Segment Start: Task data

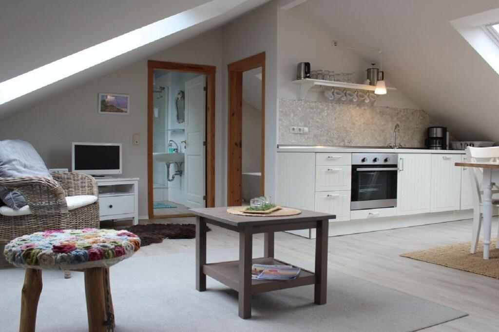 Charmante Dachwohnung auf einem Demeter-Bauernhof nahe der Ostsee mit Garten, Spielplatz und moderner Ausstattung.
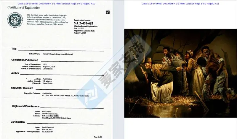本案是keith律所代理美国著名艺术家Paul Collins发起的版权维权案件,涉案版权号为:VA 2-455-683,一幅著名的Harriet Tubman的地下铁路作品,该作品于2025年6月19日获得美国版权认证,未经授权使用则会面临TRO冻结风险!目前本案涉及的53店,账户资金暂未被TRO冻结,需要名单的卖家可联系我们获取,并可加入keith律所专属群聊,实时掌握keith律所最新动态,精准避雷!
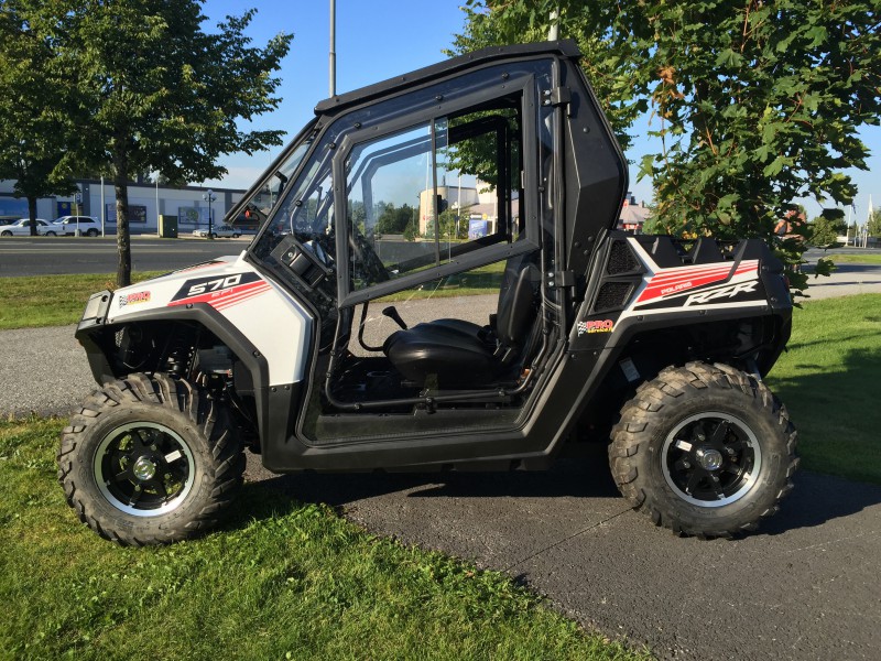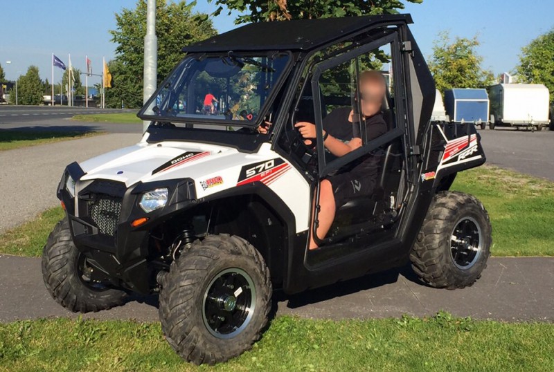 Nälka kasvaa syödessä, tässä se minkä isä osti ja huomenna saa, neljän vuoden päästä sitten mönkijä siirtyy pojalleni kun täyttää 15 vuotta. Hieno peli. En huomannu onks tommosissa turvavyöt? On turvavyöt, traktorimönkijässä oltava, olipa perinteinen mönkijä tai sitten tuollainen rinnakkain istuttava.
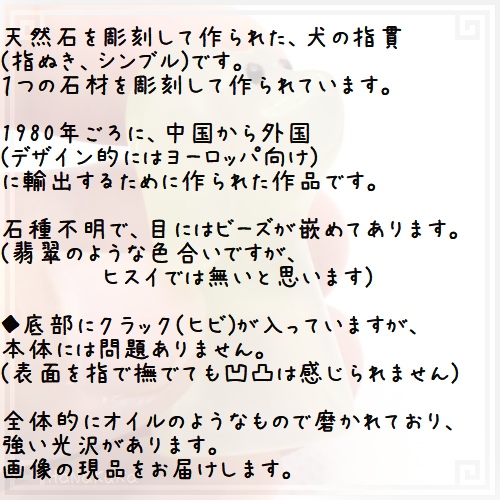 - 天然石を彫刻して作られた、犬の指貫(指ぬき、シンブル)です。
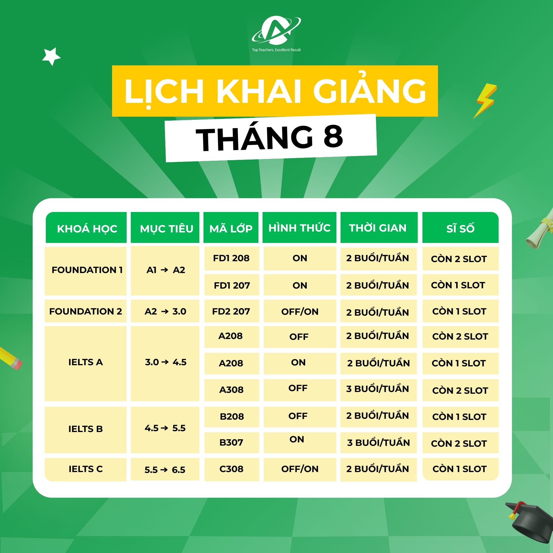 Các lớp IELTS tháng 8
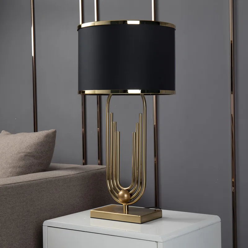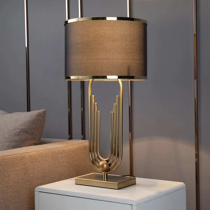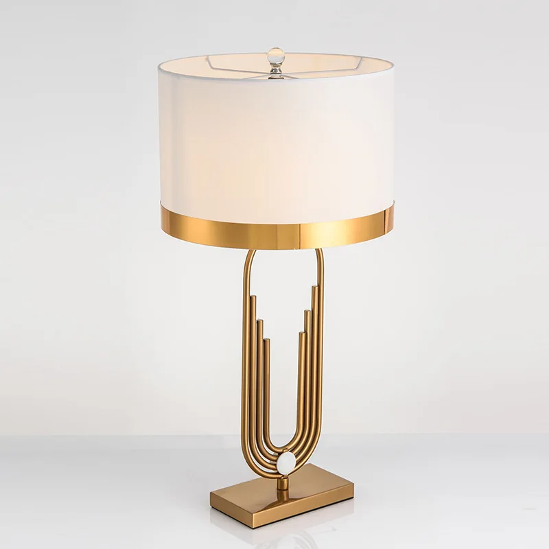 Zeal Lighting American Retro Hotel Bedside Bedroom Living Room Nordic Fabric Shade Led Metal Table Lamp
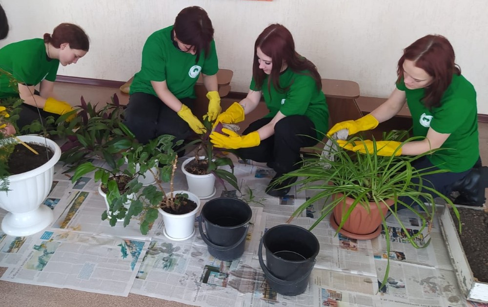 Өсімдіктер уақтылы жаңартуды қажет етеді, көктемнің келуімен бұл әсіресе сезіледі, сондықтан жыл сайын біздің оқу орнымыздың студенттері жасыл желектерді трансплантациялаумен айналысады.
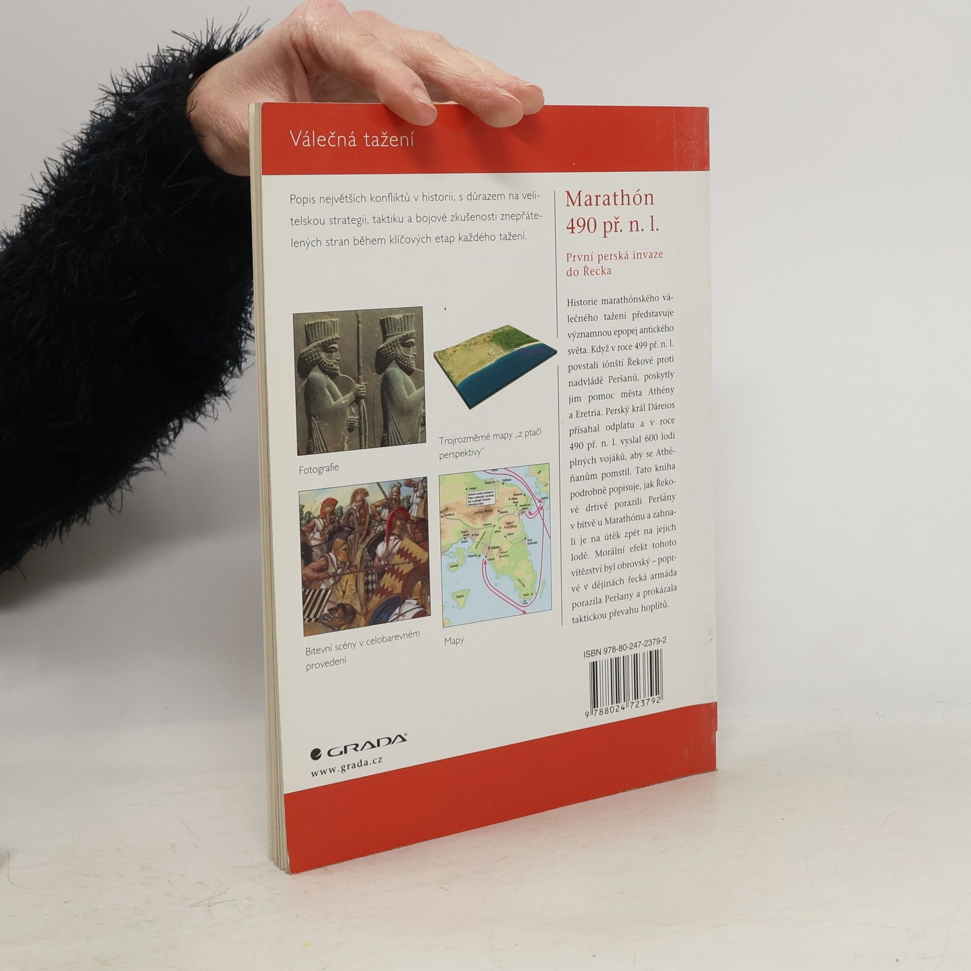 Historie marathónského válečného tažení představuje významnou epopej antického světa. Když v roce 499 př.n.l. povstali iónští Řekové proti nadvládě Peršanů, poskytly jim pomoc města Athény a Eretria. Perský král Dáreios přísahal odplatu a v roce 490 př.n.l. vyslal 600 lodí plných vojáků, aby se Athéňanům pomstil. Tato kniha podrobně popisuje, jak Řekové drtivě porazili Peršany v bitvě u Marathónu a zahnali je na útěk zpět na jejich lodě. Morální efekt tohoto vítězství byl obrovský - poprvé v dějinách řecká armáda porazila Peršany a prokázala taktickou převahu hoplítů.
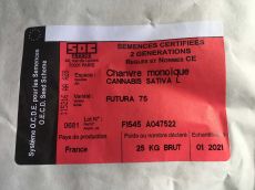 Certificirano seme industrijske konoplje (Cannabis sativa L) sorte FUTURA-75, vpisane v EU sortno listo, ena najbolj popularnih sort konoplje v Sloveniji (zaradi idelanega razmerja CBD/THC in obvladljive višine rastline).
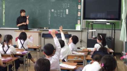 新しい漢字「羽」を習いました。「羽」を使った文を考えて発表しました。「とりの羽がぬけます」「くろい羽のとりがとびます」などが出ました。
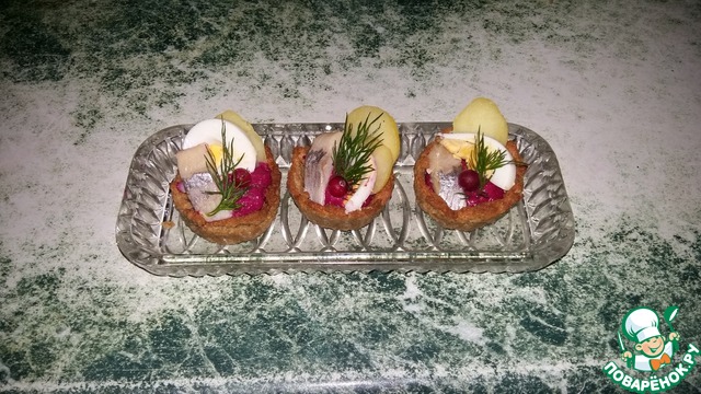 | Вариант подачи всеми любимого салата мне показался забавным. Приглашаю и Вас улыбнуться вместе со мной. Бонус - тарталетки из черного хлеба со свекольным муссом.. |
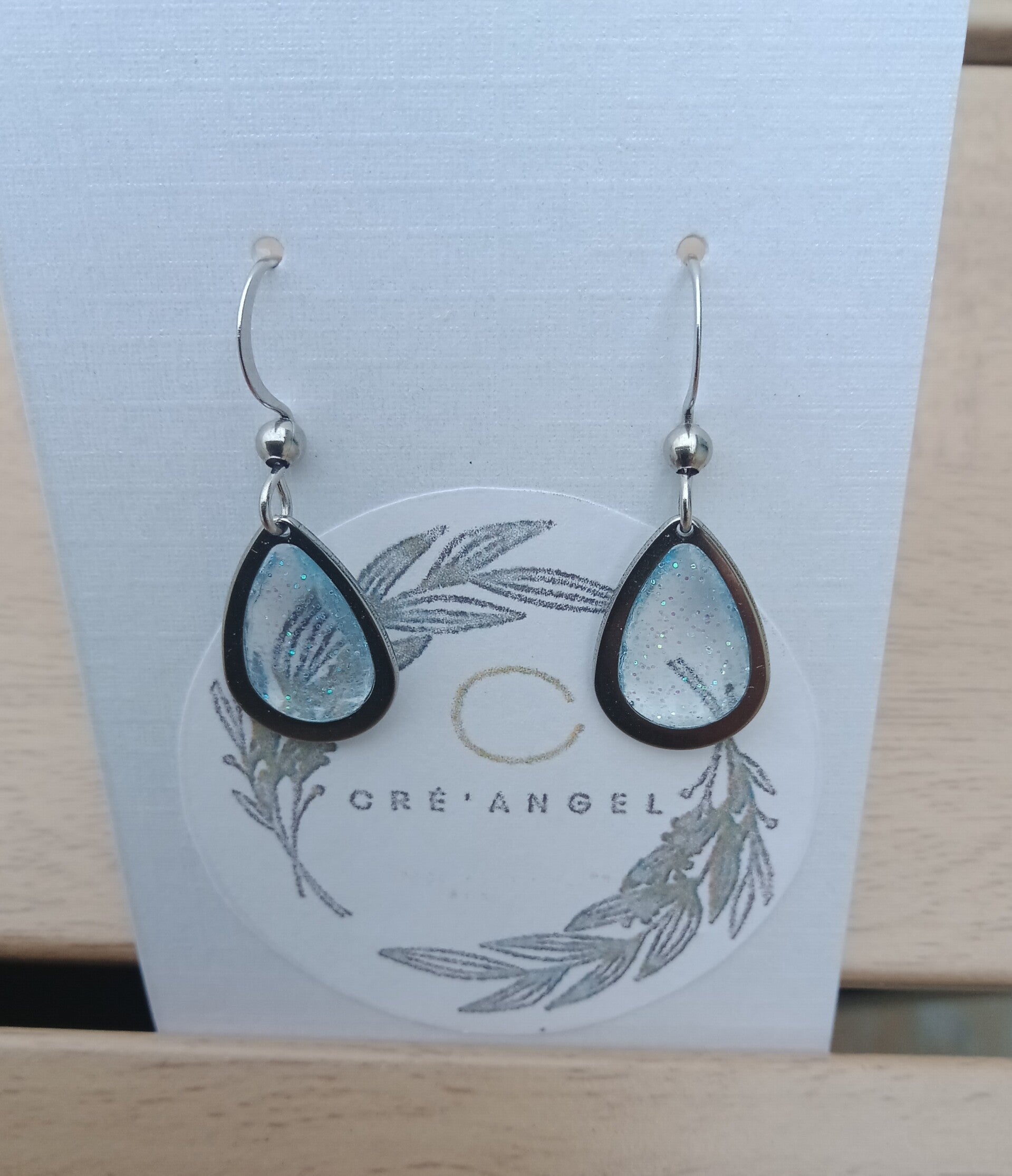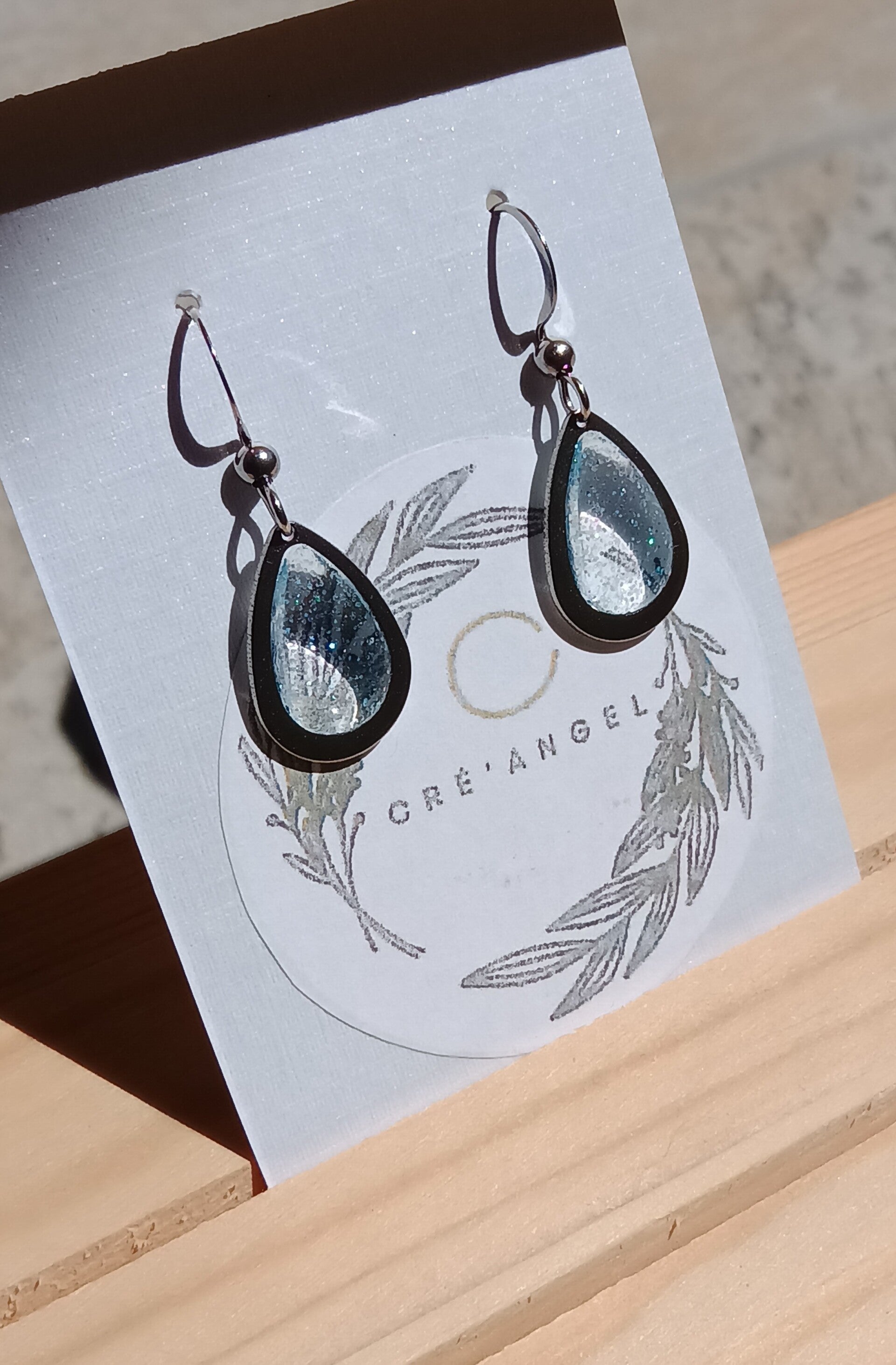 Boucles forme goutte de couleur bleu ciel transparent et ses paillettes irisées réalisées en résine UV.
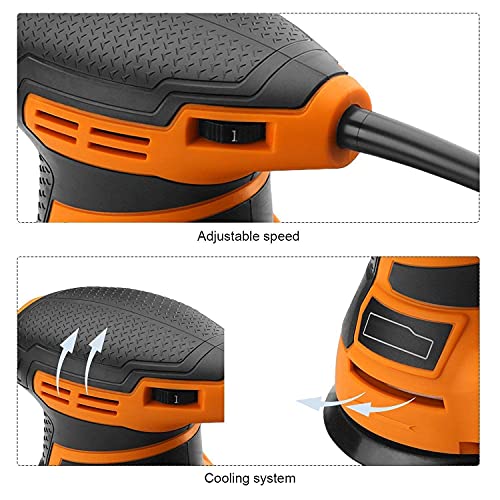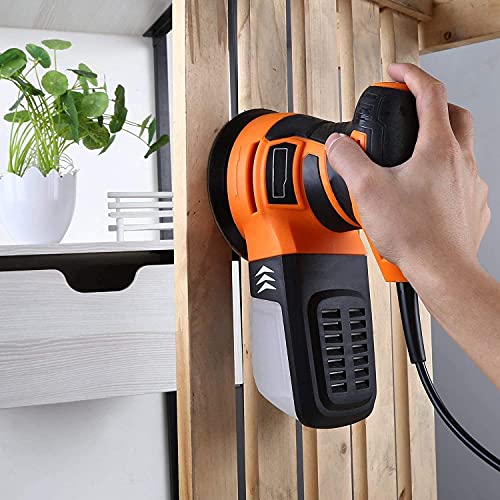 Lijadora Eléctrica Tacklife, 350W con 6 Velocidades Ajustables 13000RPM, Lijadora Orbital con 12 PCS Papeles de Lija de 125mm (80, 180 Granos), Cable de 3 Metros con Caja de Recogida de Polvo
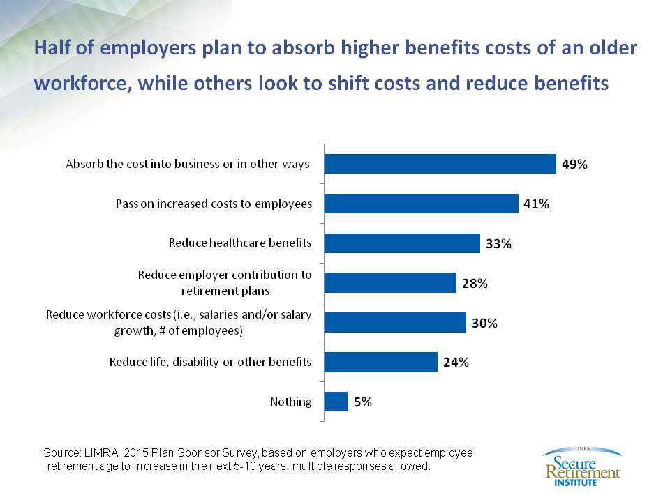 According to LIMRA Secure Retirement Institute, 73 percent of employers have planned for benefits costs to increase as a consequence of having older workers in their companies. Half have said they will absorb the costs while 41 percent will pass the costs on to employees. About a third of employers said they would consider reductions in benefits, salary growth and employer contributions to retirement plans to manage benefit costs. (See Chart)
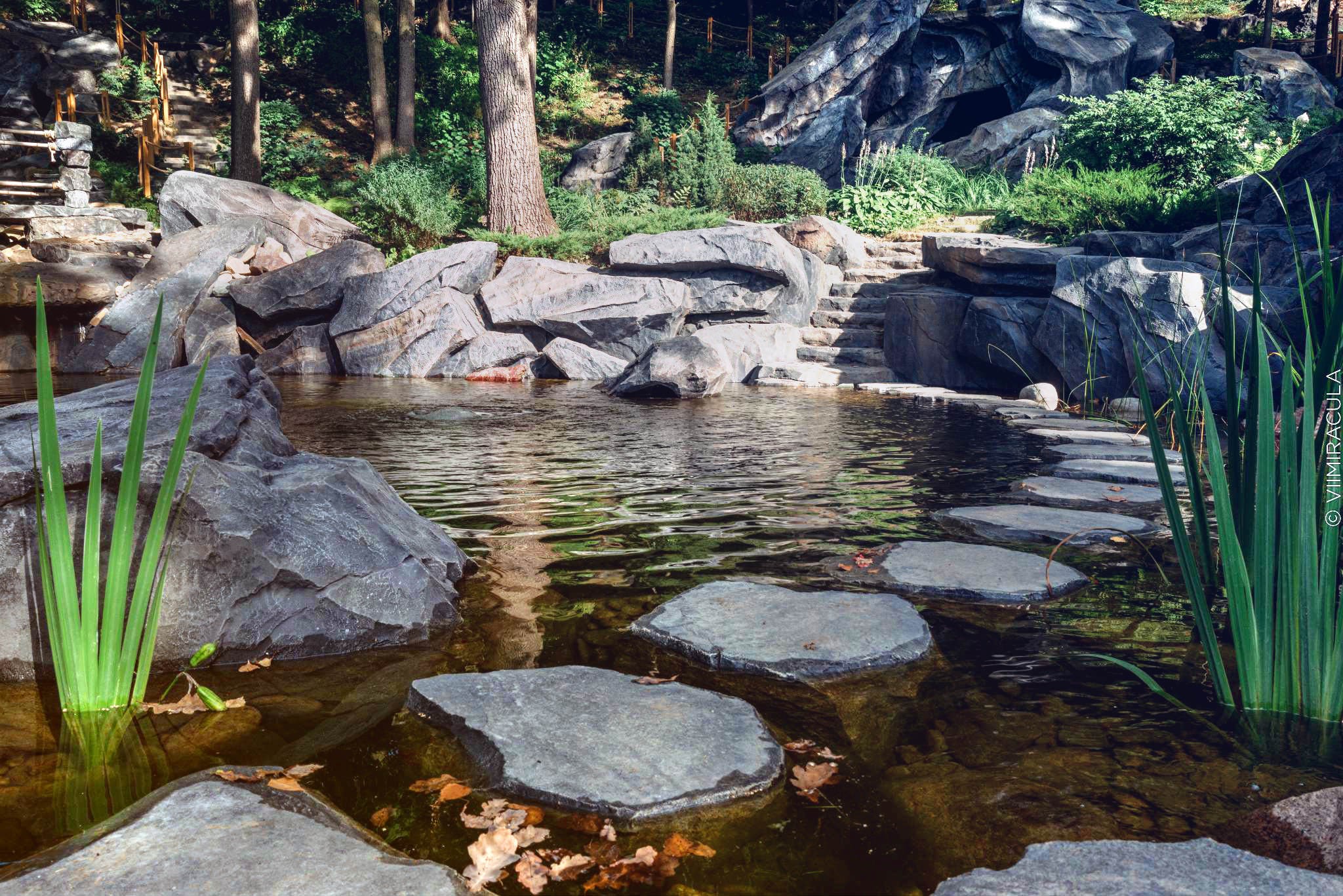 Грот с водопадом, пруд, дорожки. Студия арт-бетона «Семь чудес света».

Segment End: Task data

▸ How to complete this task: With pictures omitted, restate word for word every line above from the one containing "Certificirano seme industrijske" to the end of the entries.

▸ Task response:
 Certificirano seme industrijske konoplje (Cannabis sativa L) sorte FUTURA-75, vpisane v EU sortno listo, ena najbolj popularnih sort konoplje v Sloveniji (zaradi idelanega razmerja CBD/THC in obvladljive višine rastline).
 新しい漢字「羽」を習いました。「羽」を使った文を考えて発表しました。「とりの羽がぬけます」「くろい羽のとりがとびます」などが出ました。
 | Вариант подачи всеми любимого салата мне показался забавным. Приглашаю и Вас улыбнуться вместе со мной. Бонус - тарталетки из черного хлеба со свекольным муссом.. |
 Boucles forme goutte de couleur bleu ciel transparent et ses paillettes irisées réalisées en résine UV.
 Lijadora Eléctrica Tacklife, 350W con 6 Velocidades Ajustables 13000RPM, Lijadora Orbital con 12 PCS Papeles de Lija de 125mm (80, 180 Granos), Cable de 3 Metros con Caja de Recogida de Polvo
 According to LIMRA Secure Retirement Institute, 73 percent of employers have planned for benefits costs to increase as a consequence of having older workers in their companies. Half have said they will absorb the costs while 41 percent will pass the costs on to employees. About a third of employers said they would consider reductions in benefits, salary growth and employer contributions to retirement plans to manage benefit costs. (See Chart)
 Грот с водопадом, пруд, дорожки. Студия арт-бетона «Семь чудес света».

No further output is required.